■ **PROBLEM TO WORK ON**
What is needed is every line from the one holding "Cottee's Ice Magic" to the last line of the data below, printed exactly and without pictures.

■ **SUPPLIED DATA**
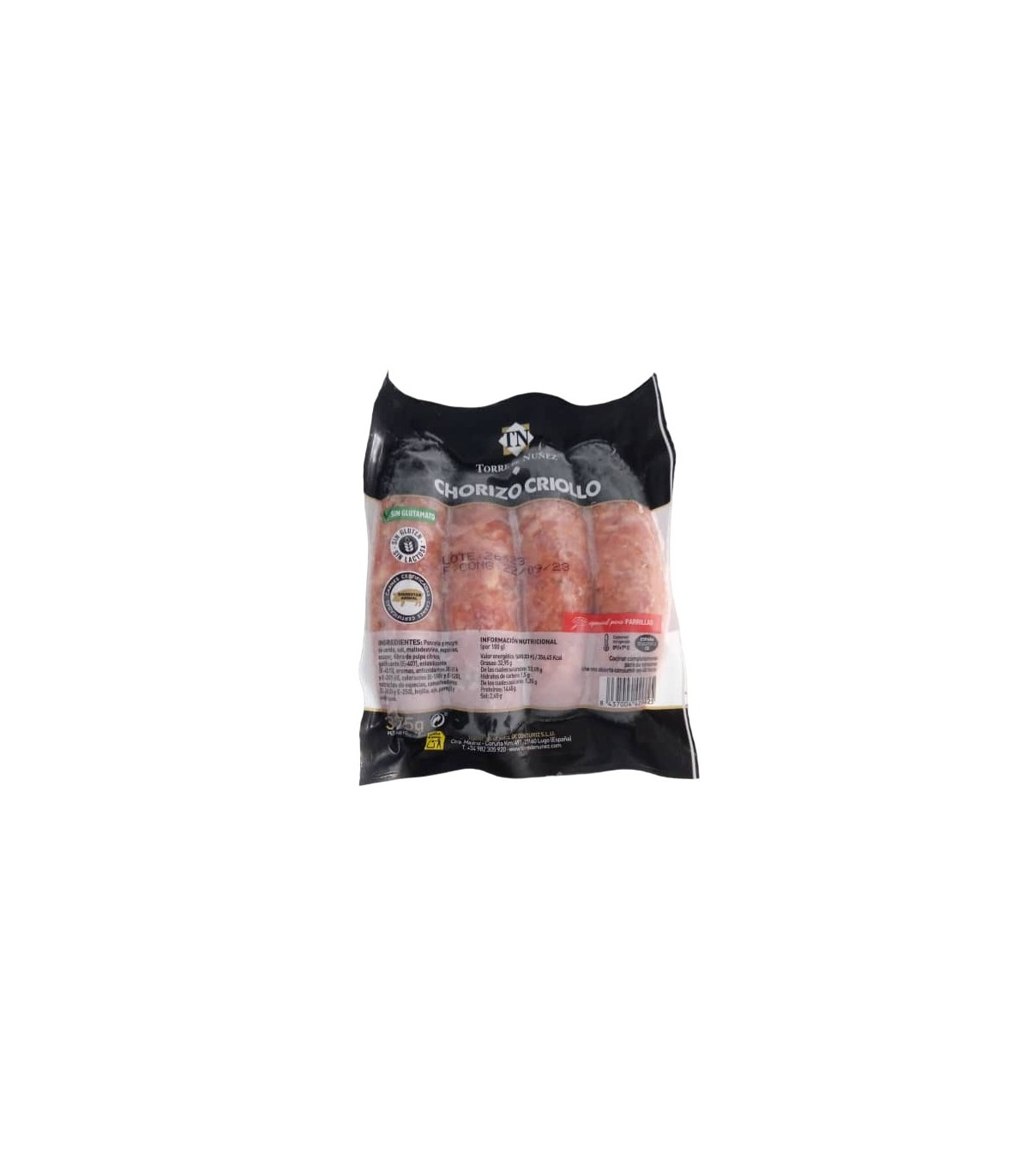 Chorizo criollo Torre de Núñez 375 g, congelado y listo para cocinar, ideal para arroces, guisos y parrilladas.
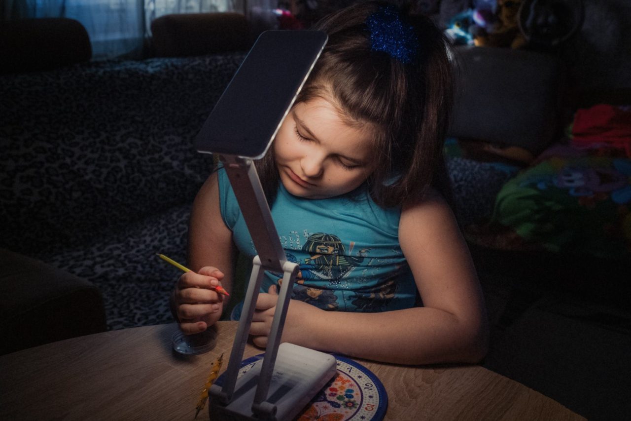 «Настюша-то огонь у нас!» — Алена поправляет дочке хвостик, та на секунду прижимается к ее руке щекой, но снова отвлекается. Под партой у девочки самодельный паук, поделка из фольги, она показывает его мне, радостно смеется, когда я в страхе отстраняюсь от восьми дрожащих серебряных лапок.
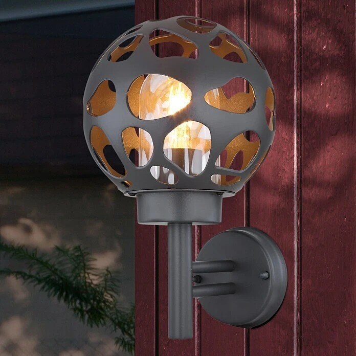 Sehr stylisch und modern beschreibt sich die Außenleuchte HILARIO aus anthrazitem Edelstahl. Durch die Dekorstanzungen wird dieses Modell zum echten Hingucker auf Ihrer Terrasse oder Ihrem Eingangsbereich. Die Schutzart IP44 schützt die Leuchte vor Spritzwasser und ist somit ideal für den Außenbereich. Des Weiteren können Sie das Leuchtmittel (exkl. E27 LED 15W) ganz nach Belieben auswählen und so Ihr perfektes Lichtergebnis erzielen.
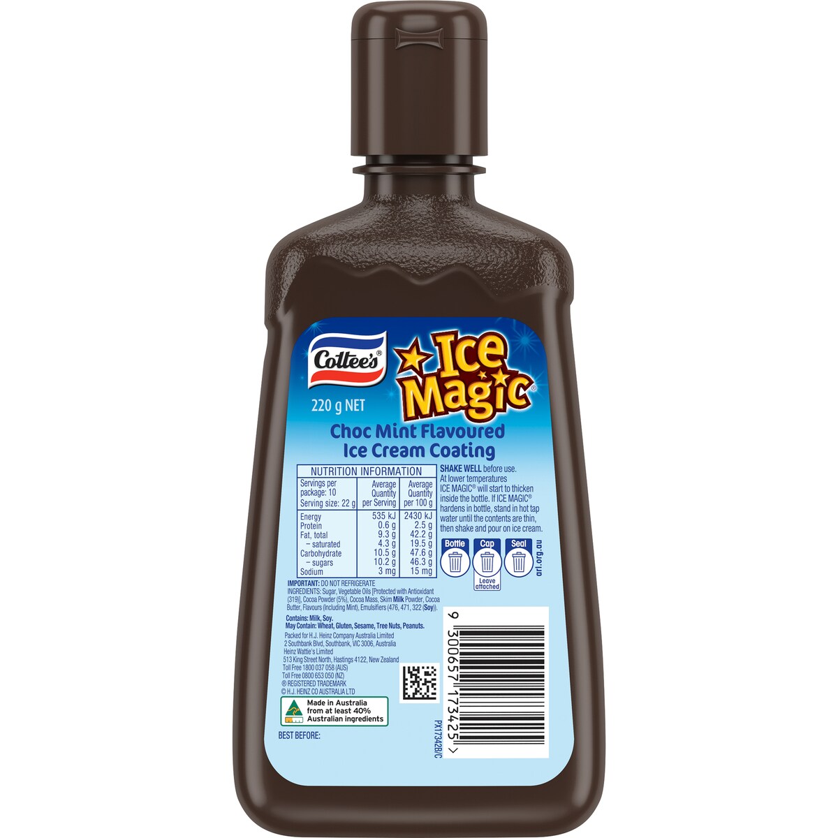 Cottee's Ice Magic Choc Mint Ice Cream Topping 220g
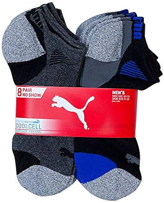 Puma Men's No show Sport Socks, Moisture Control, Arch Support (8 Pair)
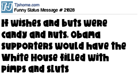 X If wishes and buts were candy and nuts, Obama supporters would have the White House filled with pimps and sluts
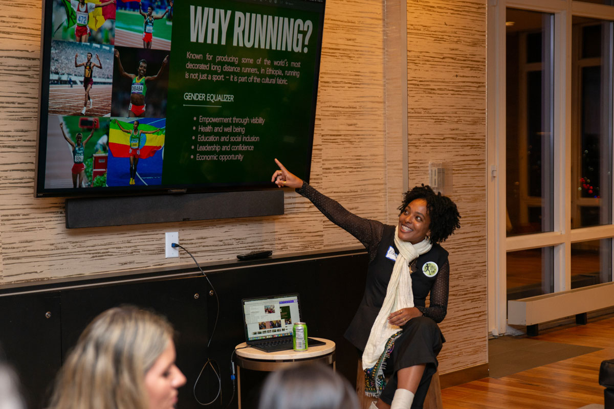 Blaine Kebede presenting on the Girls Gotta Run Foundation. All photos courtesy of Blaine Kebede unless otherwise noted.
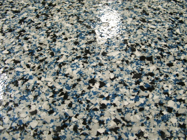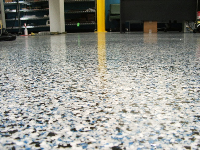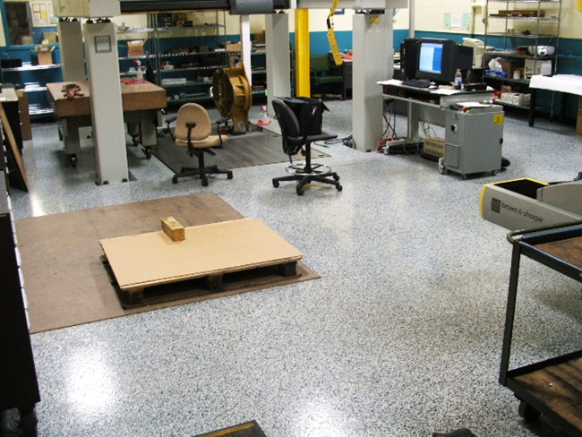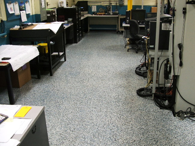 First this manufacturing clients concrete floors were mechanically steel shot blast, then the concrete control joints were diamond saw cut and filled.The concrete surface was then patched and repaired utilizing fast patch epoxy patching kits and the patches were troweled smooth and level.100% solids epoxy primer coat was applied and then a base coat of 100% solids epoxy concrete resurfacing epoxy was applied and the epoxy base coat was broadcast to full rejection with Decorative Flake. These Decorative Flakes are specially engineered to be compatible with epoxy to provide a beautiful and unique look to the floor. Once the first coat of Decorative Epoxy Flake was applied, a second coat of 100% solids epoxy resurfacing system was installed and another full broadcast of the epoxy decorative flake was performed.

■ **RESULT OF THIS TASK**
 Cottee's Ice Magic Choc Mint Ice Cream Topping 220g
 Puma Men's No show Sport Socks, Moisture Control, Arch Support (8 Pair)
 X If wishes and buts were candy and nuts, Obama supporters would have the White House filled with pimps and sluts
 Blaine Kebede presenting on the Girls Gotta Run Foundation. All photos courtesy of Blaine Kebede unless otherwise noted.
 First this manufacturing clients concrete floors were mechanically steel shot blast, then the concrete control joints were diamond saw cut and filled.The concrete surface was then patched and repaired utilizing fast patch epoxy patching kits and the patches were troweled smooth and level.100% solids epoxy primer coat was applied and then a base coat of 100% solids epoxy concrete resurfacing epoxy was applied and the epoxy base coat was broadcast to full rejection with Decorative Flake. These Decorative Flakes are specially engineered to be compatible with epoxy to provide a beautiful and unique look to the floor. Once the first coat of Decorative Epoxy Flake was applied, a second coat of 100% solids epoxy resurfacing system was installed and another full broadcast of the epoxy decorative flake was performed.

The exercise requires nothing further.